2 Kommentare zu “Brasilien entgeht knapp der Blamage, Neuseeland schreibt Geschichte”

  1. Lena
    Mittwoch, 16. Juni 2010 um 23:17

    Bei den Nordkoreanern bin ich mir fast sicher, dass die geblutdoped sind. Das Gute ist, dass so ein Turnier lange dauert und man nicht mehr so richtig nachlegen kann. Daher werden die spätestens im Viertelfinale gehen.

    Dennoch faszinierend wie hübsch die NK laufen und passen können, auch fast faulfrei verteidigen, nur wenns ans schießen geht, da haperts, da knallen die quer durchs Stadion.
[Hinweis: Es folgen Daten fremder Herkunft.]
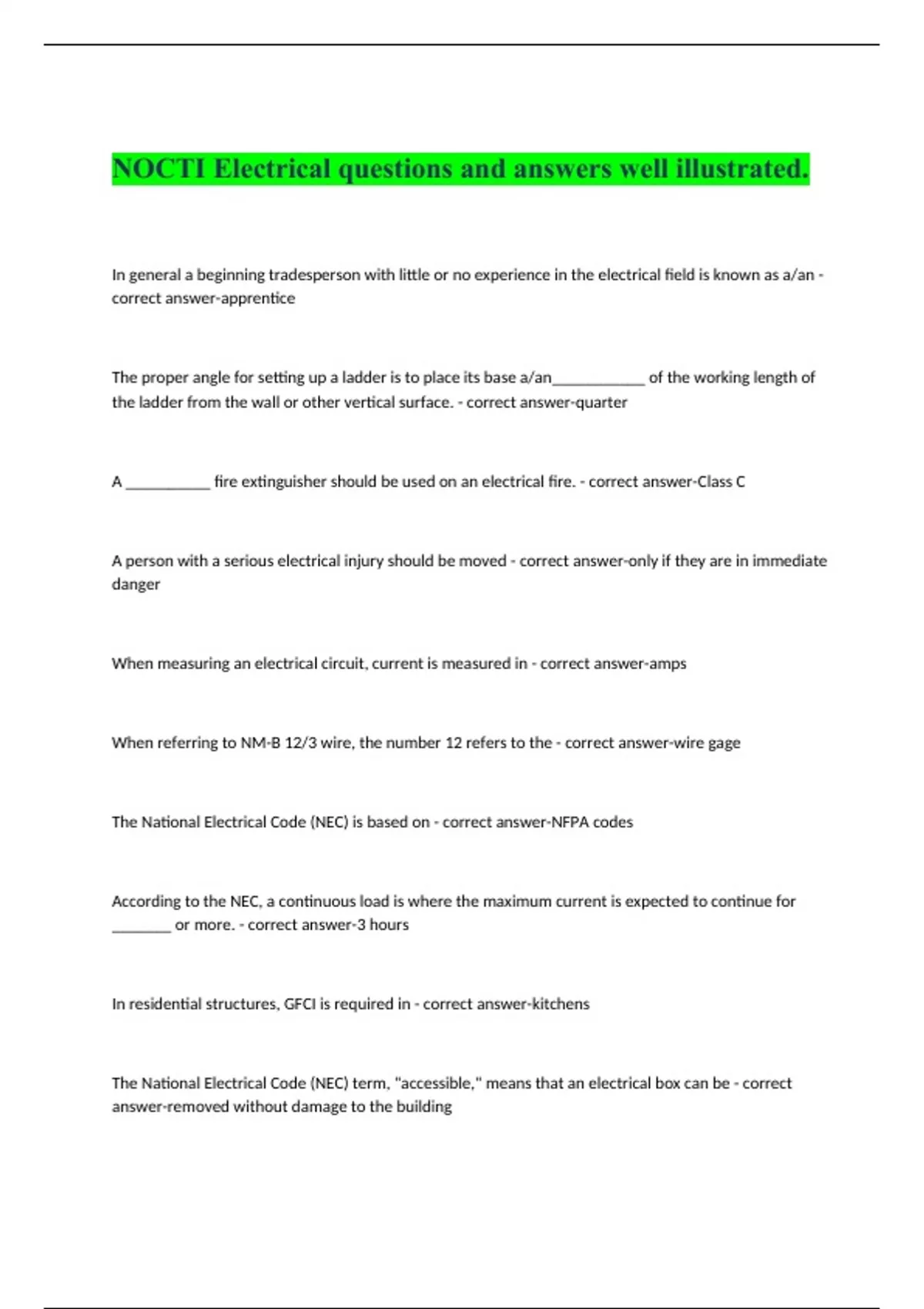 In general a beginning tradesperson with little or no experience in the electrical field is known as a/an - correct answer-apprentice The proper angle for setting up a ladder is to place its base a/an___________ of the working length of the ladder from the wall or other vertical surface. - correct answer-quarter A __________ fire extinguisher should be used on an electrical fire. - correct answer-Class C A person with a serious electrical injury should be moved - correct answer-only if they are in immediate danger When measuring an electrical circuit, current is measured in - correct answer-amps When referring to NM-B 12/3 wire, the number 12 refers to the - correct answer-wire gage The National Electrical Code (NEC) is based on - correct answer-NFPA codes According to the NEC, a continuous load is where the maximum current is expected to continue for _______ or more. - correct answer-3 hours In residential structures, GFCI is required in - correct answer-kitchens The National Electrical Code (NEC) term, "accessible," means that an electrical box can be - correct answer-removed without damage to the building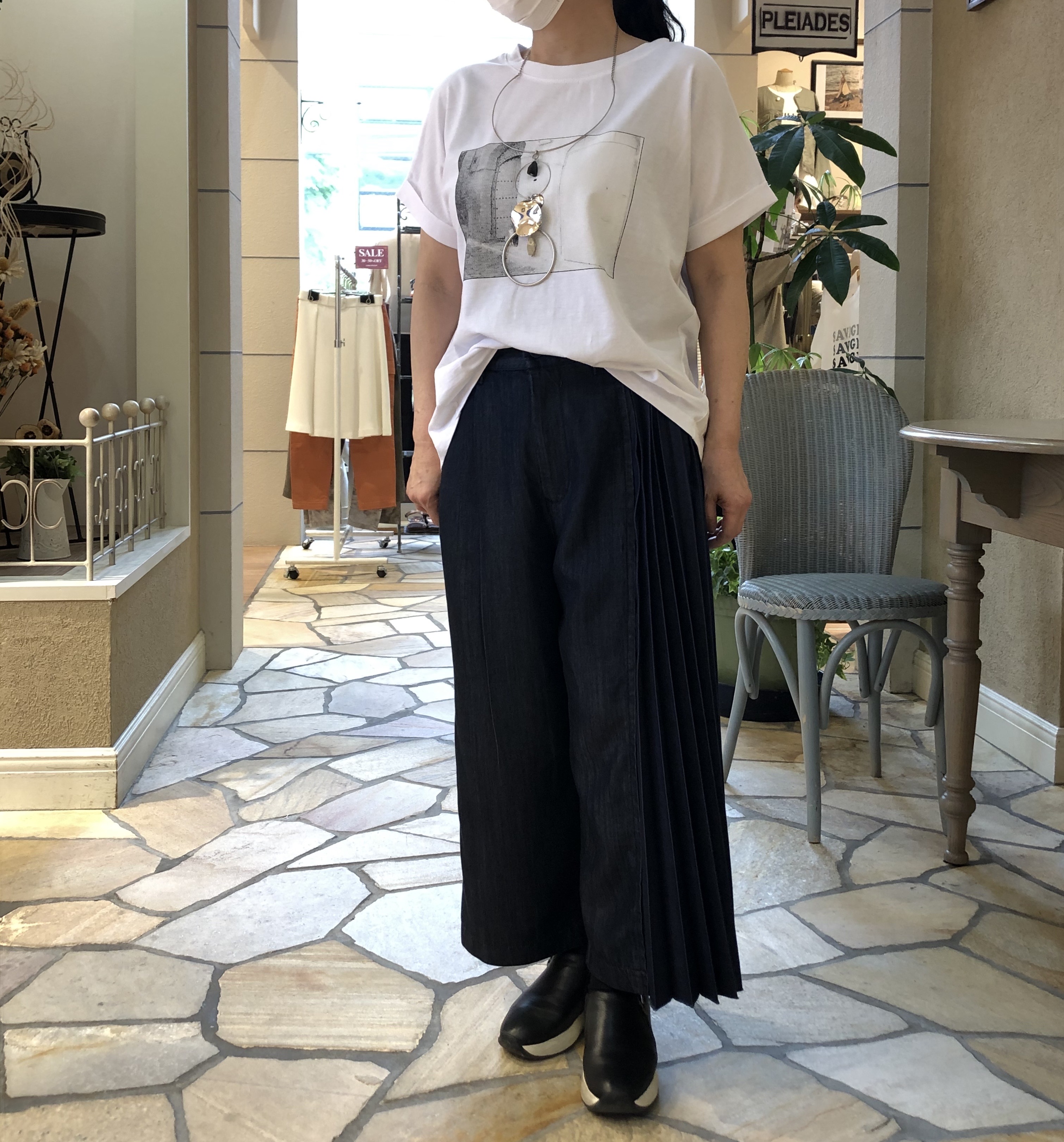 白の転写プリントのTシャツが爽やか^ ^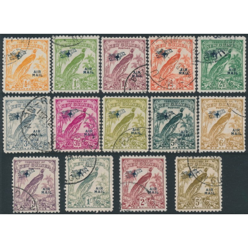 NEW GUINEA 1932 ½d to 5/- Bird of Paradise short set of 14, without dates, overprinted AIR MAIL, used – no thins, tears or bends. SG Cat. # 190-201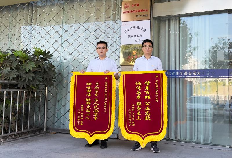 “只跑了一次,在家就能拿到不动产权证,真是太感谢你们了!”近日,身在上海的申请人林女士、吴女士领到了不动产权证,还分别向休宁县不动产登记中心和公证处送上锦旗,道出了她们对跨部门便民服务的真挚认可。

Ausgerechnet. Da erwartet man doch, dass die das könnten.

    Naja, meine Theorie ist, dass die in der Jugend fast alles Leichtathleten in der Kimjongil Jugend waren. Später dann umgeschult, weil die Schußtechnik unter Stress, die lernt man doch früh oder eher weniger… und die begnadetsten Schützen haben alle viel auf der Straße oder im Kleinfeldgetümmel gekickt.

    Einzig der Jong Tae-Se, also der mit dem inneren Reichsparteitag bei der Nationalhymne, arg, immer noch nicht vergessen… der ist in Japan groß und fußballerisch stark geworden. Aber auch er kommt bisschen aufgepumpt rüber.

  2. Stefan
    Donnerstag, 17. Juni 2010 um 01:42

    Doping gibt es nicht nur bei den Kommunisten. Hierzu ein hervorragender Beitrag des ARD radiofeature „Außer Kontrolle. Doping im Fußball“ von Lorenz Rollhäuser.